So that was a lot of fun. And then I wanted to start working as soon as I could. At 14 years old, I was carrying wood in the lumber mill. I went to high school at Walnut Grove Secondary School here in Walnut Grove, Langley. I would longboard to the mill after high school and got a workout in while I was getting paid to do it carrying wood. And then I wanted to figure out a really good fallback plan that I knew I wanted to go in business. But I was in high school in grade 10, I had no idea what I wanted to do, whether there’s life insurance, finance, business.
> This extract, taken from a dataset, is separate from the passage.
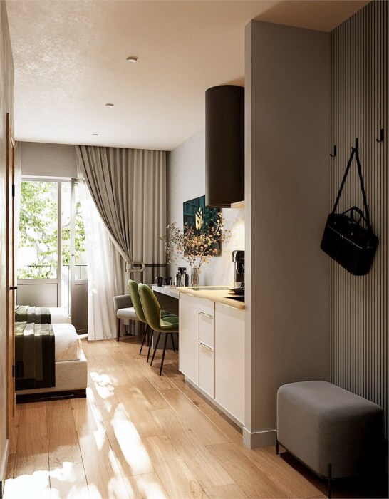 В отеле 38 элегантных номеров для отдыха и продуманные пространства для работы, созданные с заботой о Вашем благополучии. Мы вдохновлялись гармонией природы: в интерьерах использованы натуральные материалы, естественные цвета и живые растения. Окружающая среда наполнена светом, мягкими формами и текстурами, которые напоминают о природе. Это помогает гостям чувствовать себя спокойно, восстановить силы и оставаться в гармонии с собой даже вдали от дома. Наш отель не просто место для ночлега, а хаб для единомышленников - тех, кто чувствует наступление новой эры и хочет быть ее частью. Мы продаем не кровать, а философию, сообщество и уникальный опыт, соответствующий духу времени.
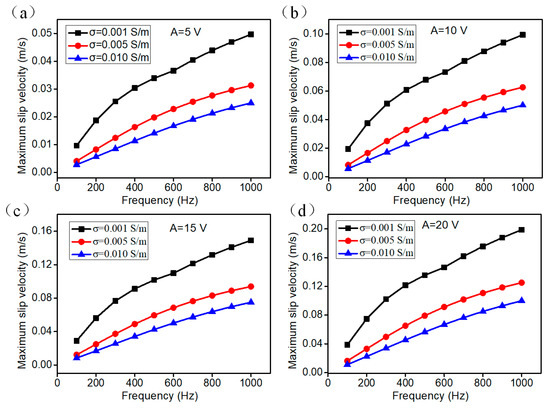 The electroosmotic flow velocity above the floating electrode surface plays an important role in enhancing the fluid-mixing efficiency. We quantificationally studied the frequency dependency of the electroosmotic slip velocity on the floating electrode under different bulk conductivities (Figure 4). The frequency dependency of the maximum slip velocity on the herringbone floating electrode under different buffer solution conductivities at A = 5 V is shown in Figure 4a. Evidently, the lower electrical conductivity (σ = 0.001 S/m) will induce larger slip velocity, and the higher ion concentration (σ = 0.01 S/m) will weaken the effect of the ICEO flow. The reason for that is the Debye screening thickness reduces with the increasing ion concentration, which results in the weakness of the ICEO electroconvective flow field. It is noticeable that the increasing rate of maximum slip velocity decay is obviously near the inverse RC time constant, f = 300 Hz. One reasonable explanation is that the IDL (Induced Double Layer) have enough time to be fully charged at the frequency lower than the ionic charge relaxation frequency as the ICEO slip velocity is proportional to the quadratic of electric field intensity applied (Equation (6)). When the voltage intensity increased to be 10 V, the maximum slip velocity is twice as large as it is at A = 5 V. Similarly, the lower ion concentration will induce larger slip velocity. When the voltage input is increased to 15 V, 20 V, the slip velocity is enlarged obviously (Figure 4c,d), engendering stronger ICEO vortex streaming for efficient mixing.

For some reason, I intuitively knew that I didn’t want to go to university or college for business because I just didn’t really see that being the option. I wanted to actually do it. And I started a few different businesses. But so with that being said, I looked at construction and I started working in construction. I looked at electrical I got did electrical studies, I got my red seal electrical done by 20 or 21 years old. Because I started when I was in grade 11, which I think is 16. Started doing a lot of affiliate marketing because I loved sales, people saw how business-minded I was.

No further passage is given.